Here's the thing I though was funny - we had to have another dummy shipped from Detroit. It came in yesterday, and it was all sorts of packaged up with bubble-wrap, plastic coating, protective foam... I stood there and thought "Were they afraid the truck hauling this thing was going to wreck? It's a crash-test-dummy for crying out loud!" Anyway, those things can cost anywhere from 80-200 grand depending on the instrumentation - so I guess it's a good thing to protect, eh?

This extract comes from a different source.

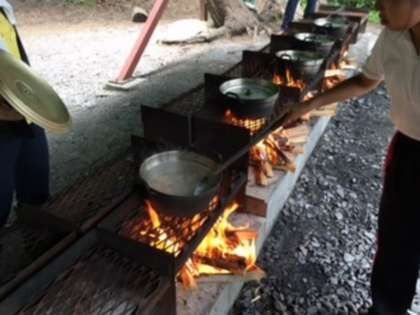 魚つかみの後、次は昼食のカレー作りを始めました。

So far, they've been having me work on the bungee acceleration (so we can hit target speeds of 20mph, 25mph, 35mph depending on the test) and the brake bars. The bungee acceleration should be a simple force balance F = m*a = k*x. The nonsense they teach us in school - the "k" is called the "spring constant". Problem is, from our data, it's not really a constant. No biggie, we're just going to have to make a chart and correlate it, right? Cinch. The brake bars on the other hand, would mess with the minds of many a professor. They're not too bad when they're supported with only two points and the thorn hitting the center, but they're not. They're wedged between four points - which takes the "simply supported beam" theory (the only stuff they teach in school) and screws it all up with some crazy physics. So I decided I'd forget theory and just use our data to get some correlation. I'm currently hunting down the relationship between bar thickness (when stacked or staged) and average bar energy absorption rate. Sounds fancy, but all it means is that the bigger bars bend less and slow down the same.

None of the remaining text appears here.